The unprecedented global cessation caused by the COVID-19 pandemic will have lasting effects on companies worldwide. COVID-19 and the government regulations to control the spread thereof have caused an increasing number of businesses to suspend operations and close down facilities, resulting in substantial losses. Any business owner with a commercial insurance policy that has suffered losses due to COVID-19 should have their policy reviewed immediately by an attorney to determine if they can recover their losses through business interruption insurance. Because insurance companies will attempt to deny claims due to the policy language or exclusions contained therein, it is critical for business owners to understand their policy rights, as well as current and future legal developments in the insurance sector relating to COVID-19, to ensure they are afforded the most protection possible.

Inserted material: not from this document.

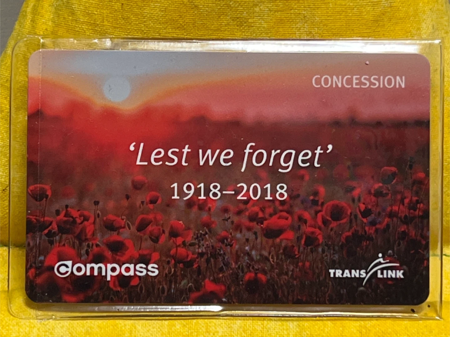 Selling a TransLink Compass Concession Card. It features a poppy design with 'Lest we forget' and '1918-2018' printed on it

I. Business Interruption Insurance and Litigation
Business interruption insurance covers business income that is lost or expenses incurred in the event of a stoppage in business operations due to a disaster, such as hurricanes, earthquakes, fire, or pandemics such as COVID-19. In many cases, business interruption insurance will also cover losses caused by government action, otherwise known as civil authority coverage. While each policy is different, business interruption insurance may cover lost profits, fixed costs, expenses associated with moving to a temporary business location, ingress/egress costs, employee wages, and loan payments, among other things. Each business’ coverage will be determined on a case by case basis, and therefore it is imperative that the policyholder understand their policy, including any time limitations or notice requirements thereunder required to trigger coverage.
For business owners who have a commercial policy for which the insurer has improperly denied a claim, it may be necessary to bring a lawsuit against the insurer. Each state has different laws regulating the insurance industry and the causes of action that may be brought against insurers. Under Florida law for example, if an insurer improperly denies coverage and the insured has complied with applicable notice requirements, the insured can bring an action to recover monetary damages, such as a breach of contract and/or bad faith claim under Florida Statute § 624.155, among other things. Moreover, in bringing a bad faith claim, if the insured can demonstrate a pattern of wrongful denials by the insurer as to indicate a general business practice, the insured will be able to recover punitive damages against the insurer. In any case where an insured obtains a judgment against an insurer for breach of an insurance policy, the insured will also be entitled to recover its reasonable attorneys’ fees pursuant to Florida Statute § 627.428.
II. Coverage for losses related to COVID-19
Just like any form of insurance, the specific language of the policy will control what is covered. Fortunately, courts read coverage clauses broadly to afford maximum coverage to an insured, with ambiguities interpreted against the insurer. Nevertheless, the policy language is always critical, with a specific emphasis on whether the policy is an “all risk” policy or a “named peril” policy, and whether the policy covers “direct physical loss or damage,” as opposed to merely “physical loss or damage” for which coverage is much more likely. If the policy covers “direct physical loss” but fails to define the term, courts have found said term to be ambiguous, and therefore have interpreted it in favor of the insured. Moreover, whether the policy provides for a choice of law provision is significant because different states have differing interpretations regarding what constitutes “losses” and/or “damages” covered by insurance policies. In any case, coverage for losses related to COVID-19 will not be guaranteed, and, as will be explained later, many policies now include specific exclusions for viruses.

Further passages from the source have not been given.